One of the brightest young stars in South African winemaking has joined the team at Bellingham, where she will be working alongside head winemaker Richard Duckitt. Arlene Mains is a winemaker who has achieved an impressive CV in her relatively short career.
We asked Arlene, whom Richard describes as “very likeable, with a great sense of humour and good palate”, a few questions to get to know the person behind the friendly exterior.
Where are you from, and how did your upbringing inspire you to become a winemaker?
I grew up in Blackheath, Cape Town, which is close to Stellenbosch and on weekends my dad and I would go for walks through Jonkershoek with our dogs. That probably planted the seeds for a career in wine, because I remember thinking that I would love to work and live in such a magnificent environment. So after school, I went to study for a BSc in Viticulture and Oenology at Stellenbosch University, and in 2014 I continued to do an MSc in Wine Biotechnology with the focus on natural and wild yeast fermentations.

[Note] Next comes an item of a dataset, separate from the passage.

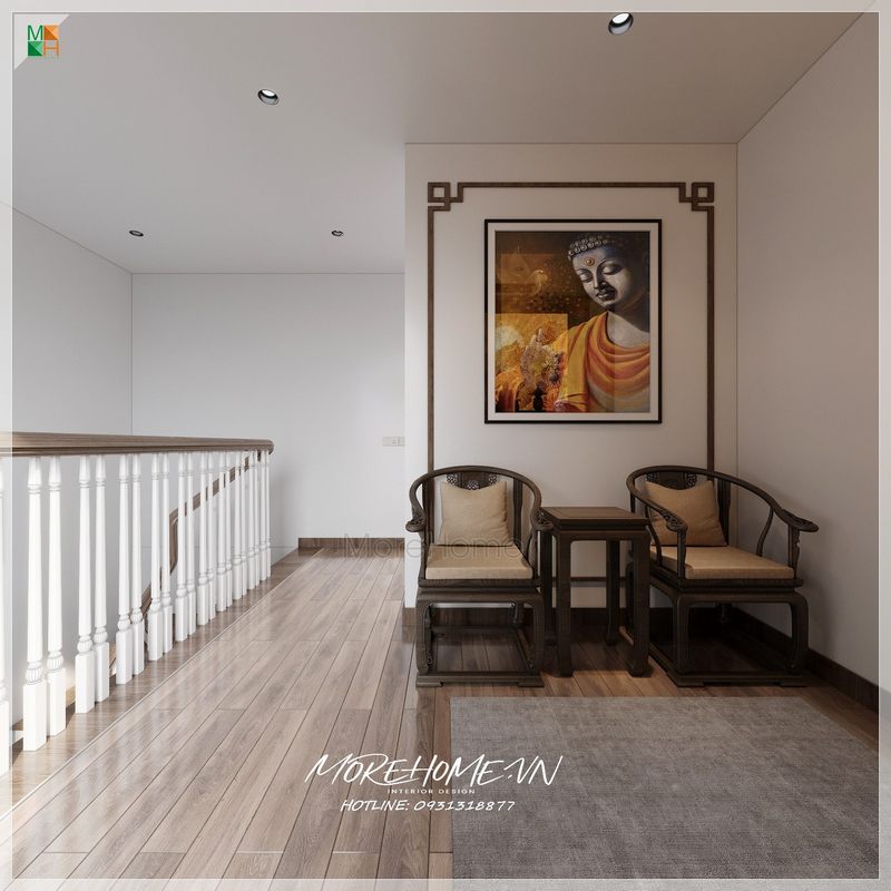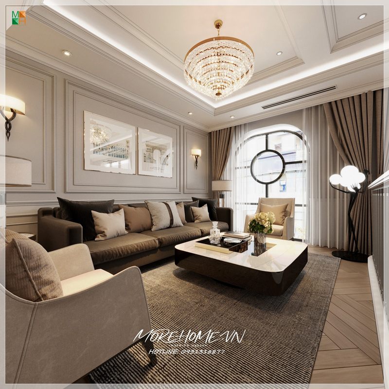 Morehome đã thực hiện sàn gỗ tự nhiên cho phòng khách tại công trình Hà Nội.

You’ve worked at some of the most famous wineries in the world. Tell us more about your travels and what you learned there?
After my studies, I joined Opus One in Napa, USA, on a three-month harvest internship and ended up spending another year at this very lavish cellar before I moved to their sister winery and Chateaux Mouton-Rothschild in Pauillac, France. Michael Silacci, the Opus One winemaker, played a valuable role in mentoring me and some of the key things I took away from my time working abroad are their passion for perfection and precision throughout the supply chain, and how to position wine as a genuine luxury product.
Back on home soil, what attracted you to your new position at Bellingham?
I actually did a harvest internship shortly after graduating at another DGB winery, Boschendal, with Lizelle Gerber. I was very impressed by the work ethic and the positive organisational culture, and so when the opportunity arose to join the company through Bellingham, which is one of South Africa’s most iconic wine brands, I grasped it with both hands.
When not in the winery, what you like to do in your free time?
I enjoy running or hiking with my beloved four-legged friend, spending time outdoors and being active. I also love music and attending live jazz performances is a favourite pastime, as is going to the theatre. I also like to explore different areas of the Winelands and taste wines at other wineries to keep abreast of what is happening in the industry.
What is the bucket-list wine experience that you dream of realising one day?
Travelling to some of the off-the-beaten-track ancient wine-producing countries, like Lebanon, Turkey and Georgia, is definitely high up on my bucket list. I think it would be fascinating and so much fun to hear the stories about winemaking and wine enjoyment passed on through generations. Wine is such an emotive thing, so it is wonderful to experience it as an essential part of a country’s cultural fabric.